Although I am a trained math teacher, the majority of the work I currently do is creating and facilitating professional development sessions in math education for K-12 educators. In this blog post I will share how I integrate ethnomathematics into this work as a way to make mathematics more accessible, engaging, and relevant for students. I’m fortunate to work with many different educators in many different environments, which allows me to learn alongside my colleagues and to explore many facets of math education. I integrate ethnomathematics in many ways (depending on the professional development session); the most common are: using manipulatives and visuals regularly in the math classroom, incorporating place-based and land-based activities, and utilizing collaborative learning groups in math class.

Using manipulatives, images, and other hands-on approaches are important components of ethnomathematics. When students are able to make sense of the problems or concepts they are learning by using these visuals to literally see the mathematics, it opens up so many doors. Visually understanding mathematics can be a completely different experience than being able to memorize a procedure and for many educators this creates some initial discomfort usually followed by something like: “THAT’S why we do that?! Why didn’t we learn it this way when I was in school?!”. The most common comments I receive when I lead teachers through activities that enable them to conceptually understand mathematics and algorithms are similar to “if we had learned it this way in school I might have actually enjoyed and been good at math”.

Although it saddens me to encounter so many educators who were demoralized by their own math education, it is amazing to see them gaining new understandings of math and to see them inspired to teach math differently than they were taught so that their students won’t experience the same negative effects they did. It also astounds me how few adults (I also do parent math nights) don’t have conceptual understanding of math and so using these visuals provide ways for all of us to understand math in deeper, more meaningful ways.

One of my favorite manipulatives are base 10 blocks for understanding whole number operations, especially place value and decimal operations. These blocks are also fantastic to explore the relationships between fractions, decimals and percents.
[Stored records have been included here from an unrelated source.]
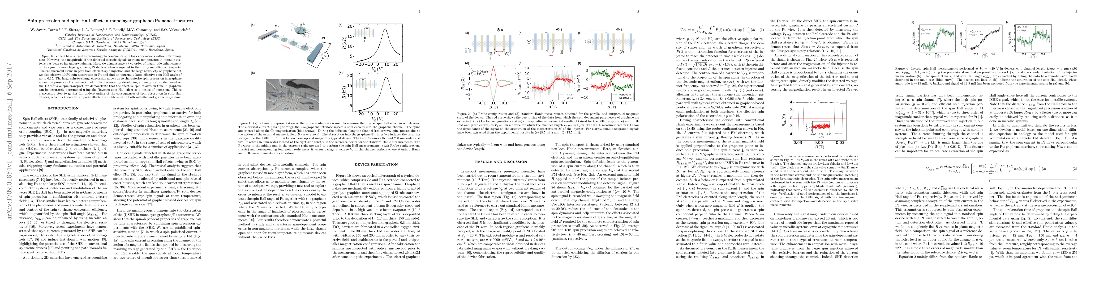 This paper demonstrates a significant enhancement in spin Hall effects in monolayer graphene/Pt nanostructures, attributing the improvement to efficient spin injection and large resistivity of graphene. The study also reveals 100% spin absorption in Pt and a high effective spin Hall angle, enabling characterization of spin precession in graphene under magnetic fields.
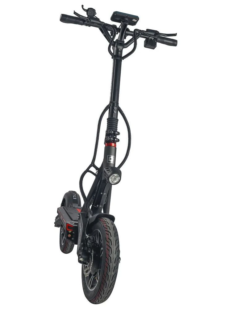 Trotineta dispune de două motoare puternice cu o putere nominală de 2 × 1 200 W și o putere maximă de vârf de până la 4 000 W, oferind o accelerație imediată și o experiență dinamică de condus. Viteza maximă atinge până la 70 km/h (versiune deblocată), în timp ce limitarea la 25 km/h respectă toate reglementările UE. Energia este furnizată de o baterie de 60 V 25 Ah (sau 60V 20 Ah) echipată cu celule LG (sau CN) de calitate, garantând durată lungă de viață și fiabilitate. Autonomia la o singură încărcare este de până la 90 km, suficient pentru naveta zilnică sau excursii mai lungi de weekend. Cu încărcătorul rapid (5A), bateria se încarcă în aproximativ 5 ore, o îmbunătățire semnificativă față de modelele obișnuite. Stabilitatea la condus este susținută și de construcția spațioasă – ampatamentul de 1 140 mm și garda la sol de 190 mm asigură confort și control chiar și la viteze mari. Acest model reprezintă un compromis ideal între performanță, autonomie și practicitate.
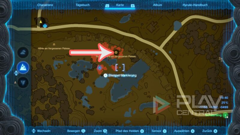 Wir müssen auf das Vergessene Plateau, also ins Startgebiet von BotW. Hier gibt es im Norden, direkt bei der großen Mauer, ein gigantisches Loch im Boden. Das ist der Nord-Abgrund am Vergessenen Plateau. Springt rein und es geht weiter (siehe Bild).
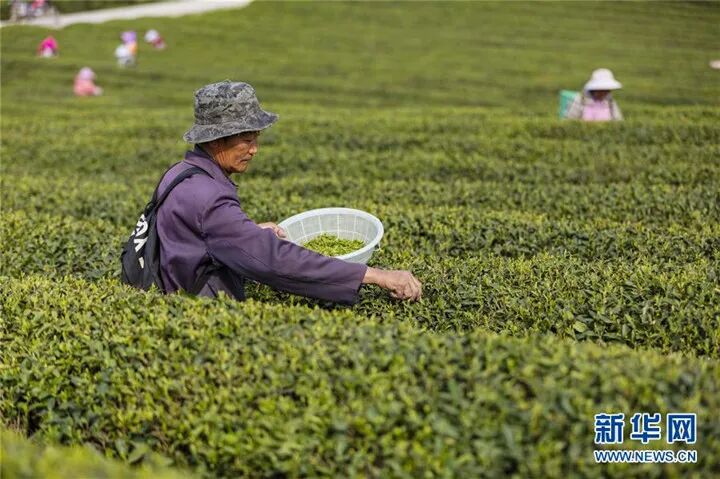 西秀区双堡镇茶农在茶园采摘春茶 陈熙 摄
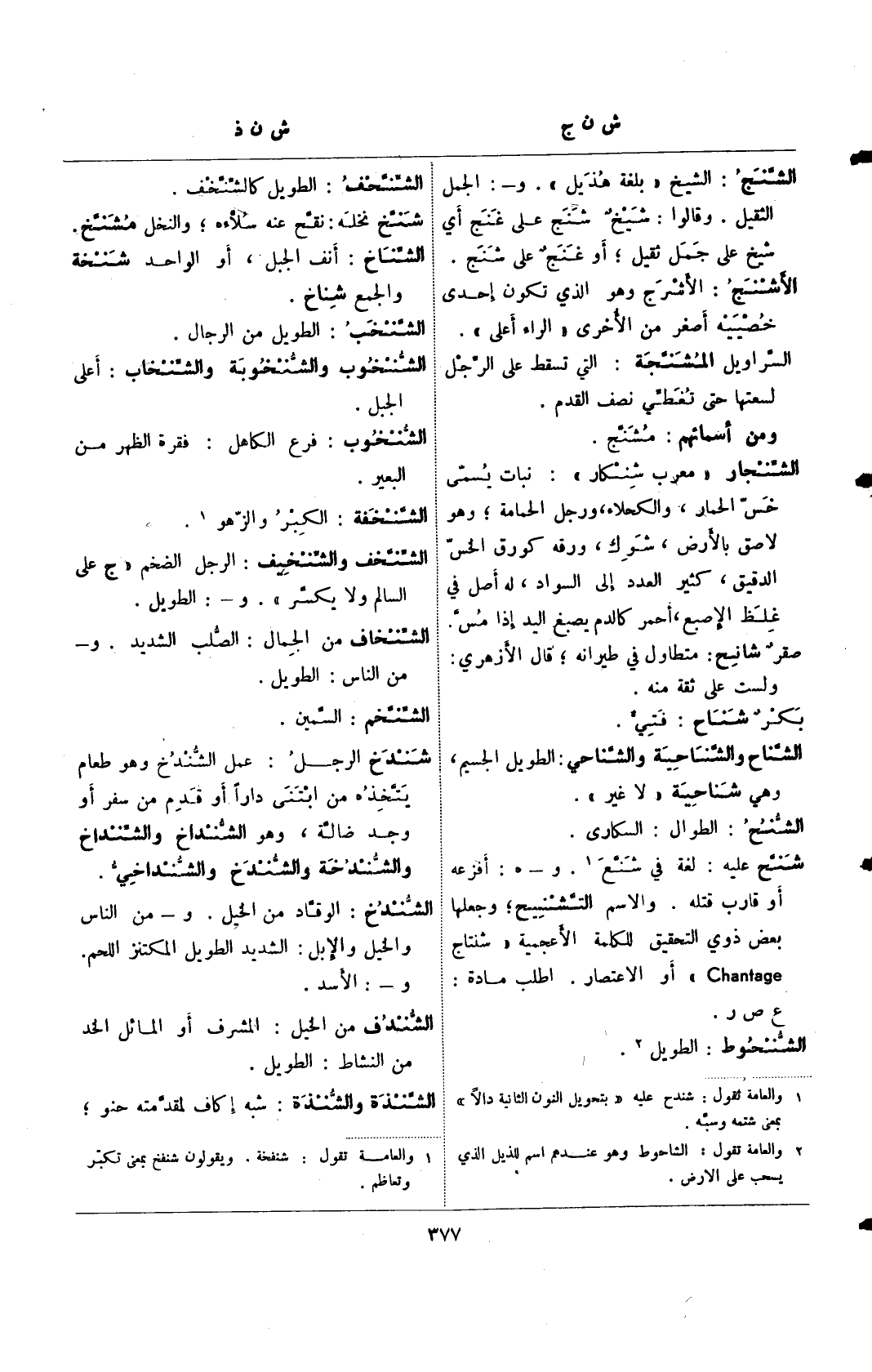 شنح عليه: لغة في شنع (¬1). و- هـ: أفزعه أو قارب قتله. والاسم التشنيح؛ وجعلها بعض ذوي التحقيق للكلمة الأعجمية "شنتاج Chantage" أو الاعتصار. اطلب مادة: ع ص ر.
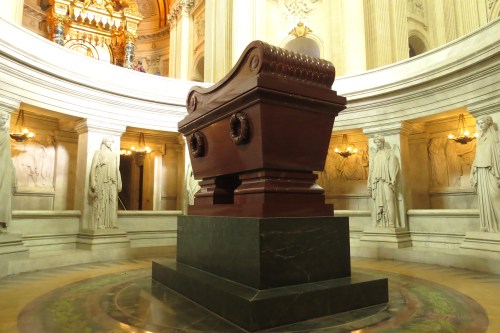 Below the dome now rests the tomb of Napoleon Bonaparte. Napoleon died and was buried on St Helena in 1821 where he had been exiled by the British. In 1840 permission was granted for his remains to be returned to Paris where a state funeral was held.
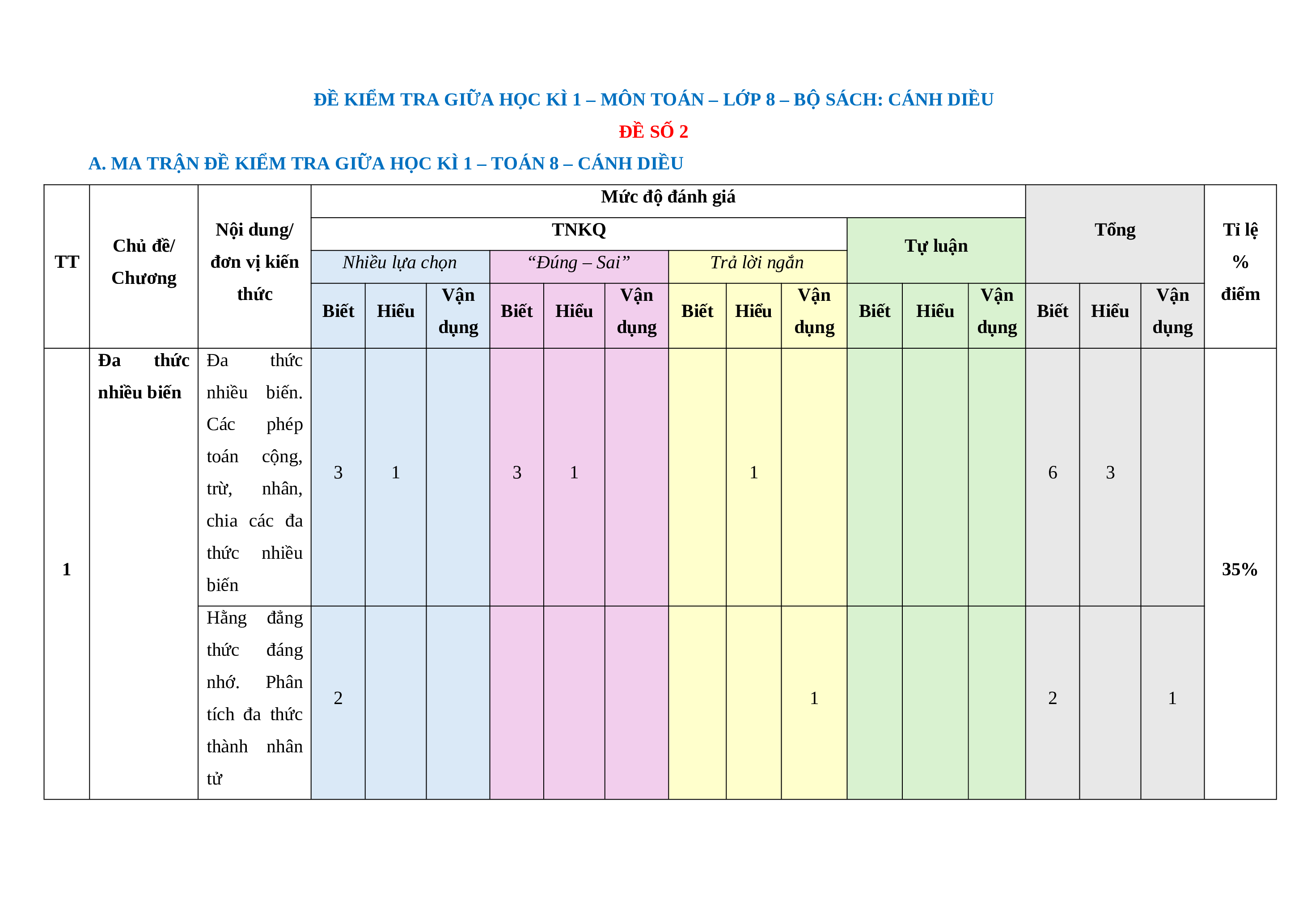 A. MA TRẬN ĐỀ KIỂM TRA GIỮA HỌC KÌ 1 – TOÁN 8 – CÁNH DIỀU Mức độ đánh giá Nội dung/ TNKQ Tổng Tỉ lệ Chủ đề/ Tự luận TT đơn vị kiến Nhiều lựa chọn “Đúng – Sai” Trả lời ngắn % Chương thức Vận Vận Vận Vận Vận điểm Biết Hiểu Biết Hiểu Biết Hiểu Biết Hiểu Biết Hiểu dụng dụng dụng dụng dụng Đa thức Đa thức nhiều biến nhiều biến. Các phép toán cộng, 3 1 3 1 1 6 3 trừ, nhân, chia các đa thức nhiều 1 35% biến Hằng đẳng thức đáng nhớ. Phân 2 1 2 1 tích đa thức thành nhân tử
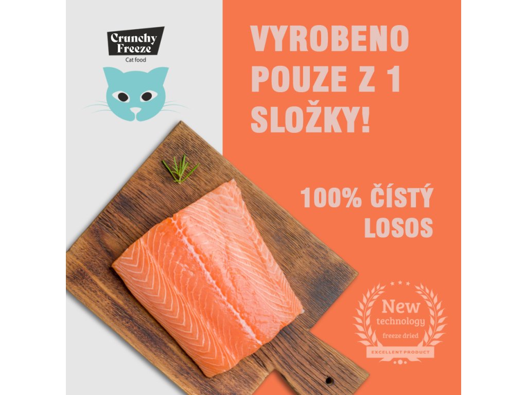 - Vlastnosti: 100% mrazem sušené maso z lososa
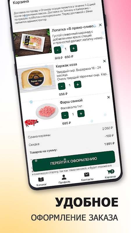 Unsere Anwendung „Demidov Products“ bietet den Bewohnern von Norilsk eine bequeme und zuverlässige Möglichkeit, frisches und hochwertiges Fleisch und Fisch direkt nach Hause zu bringen. Wir arbeiten mit zuverlässigen Lieferanten zusammen, die die Frische und Sicherheit jedes Produkts garantieren.
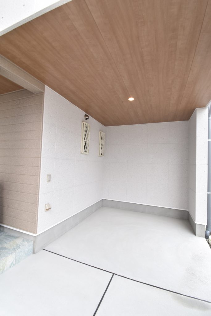 ブラウンの外壁と、木目調の玄関ドアに合わせて、ガレージの天井を木目調に仕上げてあるのがポイントです。
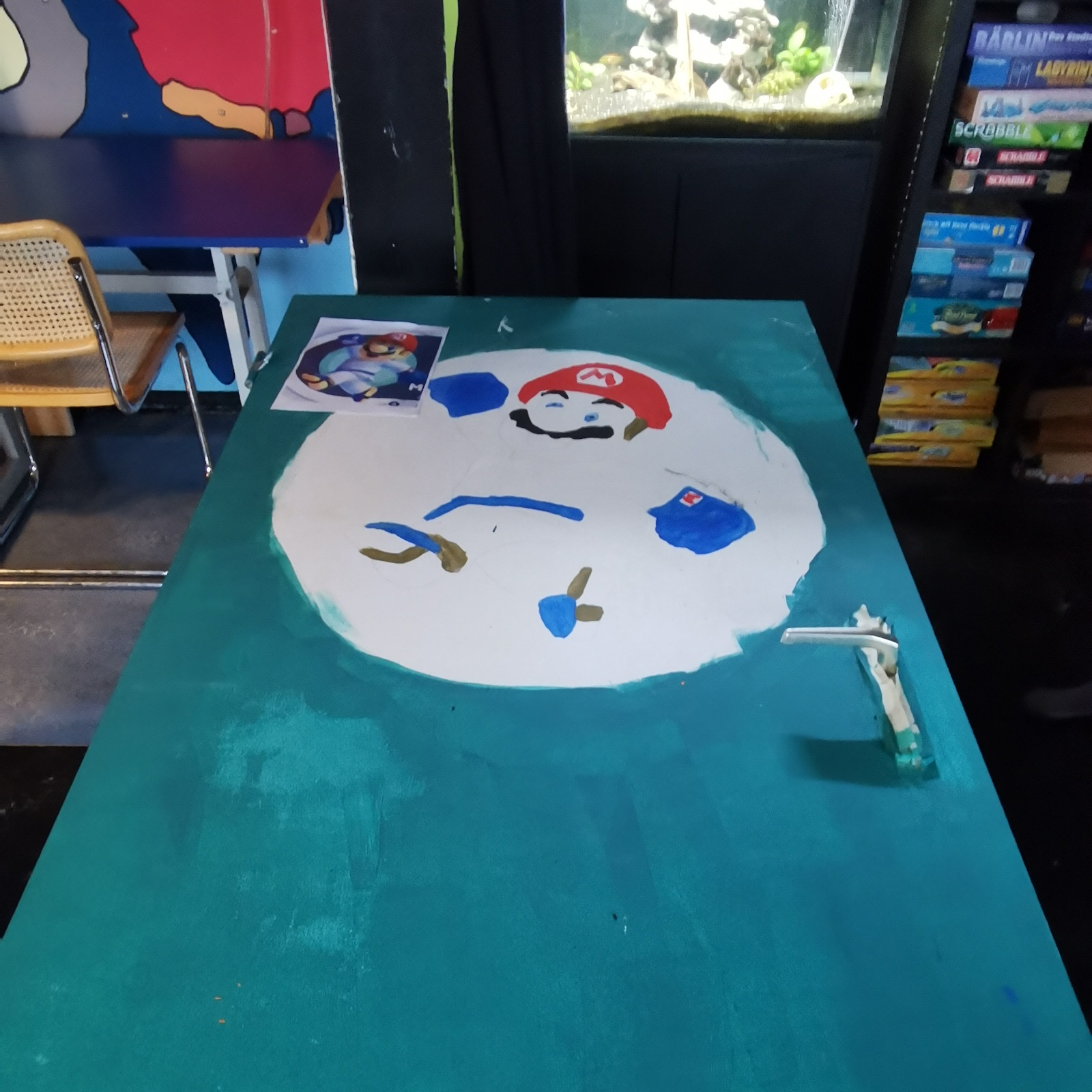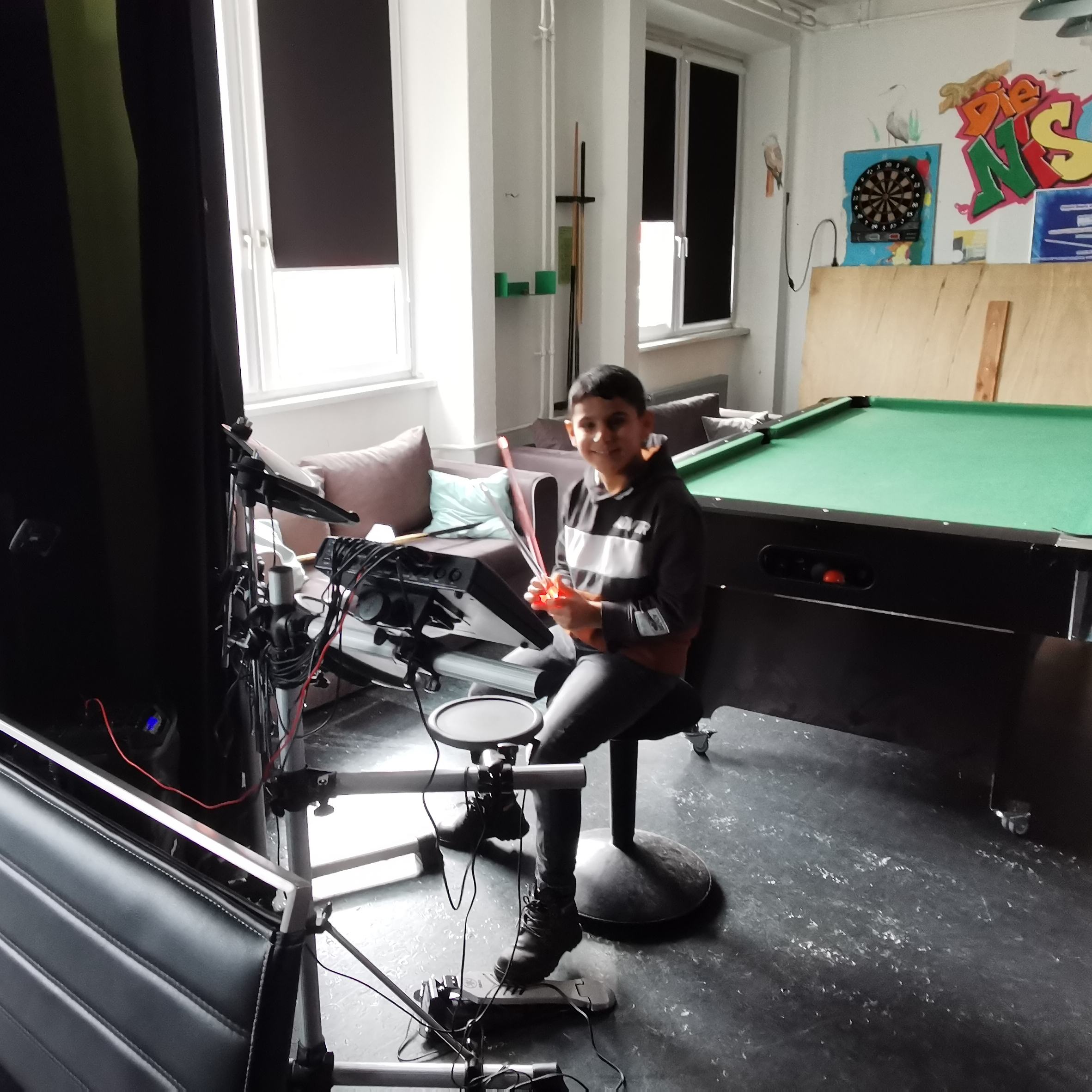 Mario und Luigi haben auch nach 40 Jahren noch immer viele begeisterte Freunde, manche kommen deswegen fast täglich in die Nische und auch die Tür zum Spieleparadies wurde entsprechend gestaltet. Und wenn man dann schon mal da ist, muss auch das E-Drum ausprobiert werden.

Place-based and land-based math activities are a great way to learn more about the land we are learning on and from, as well as our entire learning community. I encourage teachers to do the following so that they can incorporate more place-based learning:

1) If there are any local businesses near your school visit them and ask if there are any math problems that your students might be able to grapple with (an example: my school is across the road from a grocery store and so we inquired about the amount of food that gets wasted and then also looked at the amount of food folks are needing from the nearest food bank).

2) Ask a local business if there is any way to ‘mathify’ their space. Here is an example from twitter 🡪 this is a laundry mat: (https://www.public-math.org/laundromat)

For land-based activities we can use our bodies to estimate distance and then use measuring tapes to test our accuracy. I like to teach students some benchmarks on their bodies (a meter stride or two-step). Students get incredibly more accurate at estimating distances when they are actively walking and counting their meter strides. Once they can estimate a longer distance they can start to grapple with really long distances, like a kilometer – how many times would we have to walk back and forth on our field to walk 1 kilometer? We use proportional reasoning to estimate heights of trees (using a few different methods) and compare for accuracy. We can also use sun shadows to explore navigation and angles.

Collaborative learning teams support students in developing really important life skills such as: working in a team, communicating effectively, critically and creatively thinking to solve problems. They incorporate these employability skills while at the same time offering a superior pedagogy than independently and silently working through a text book. Collaborating takes a lot of skill and some students usually are not very capable at first, but they very quickly understand the value of creating common group norms and reflecting regularly on how they are working together. Students who tend to be successful at procedural math are challenged to find other ways of explaining the math concepts to their peers. Students who have often felt like they are not good at math are often very good visually and have the chance to shine as they teach their peers their ways of conceptualizing the ideas. Students say that they learn more in groups because they get help as they need it from their peers, rather than having to wait for the teacher (and sometimes their peers can explain it in a better way for them than the teacher). They also report enjoying solving problems in lots of ways and find it interesting to see the different approaches of their classmates.

In my role I have opportunities to try these ideas out with many different classes and have found that these are some of the most impactful ways to make math a class that both students and their teachers enjoy while at the same time providing the necessary rigor. I’m still learning and am currently working on incorporating more culturally sustaining/revitalizing pedagogies, and I will share more updates in the future.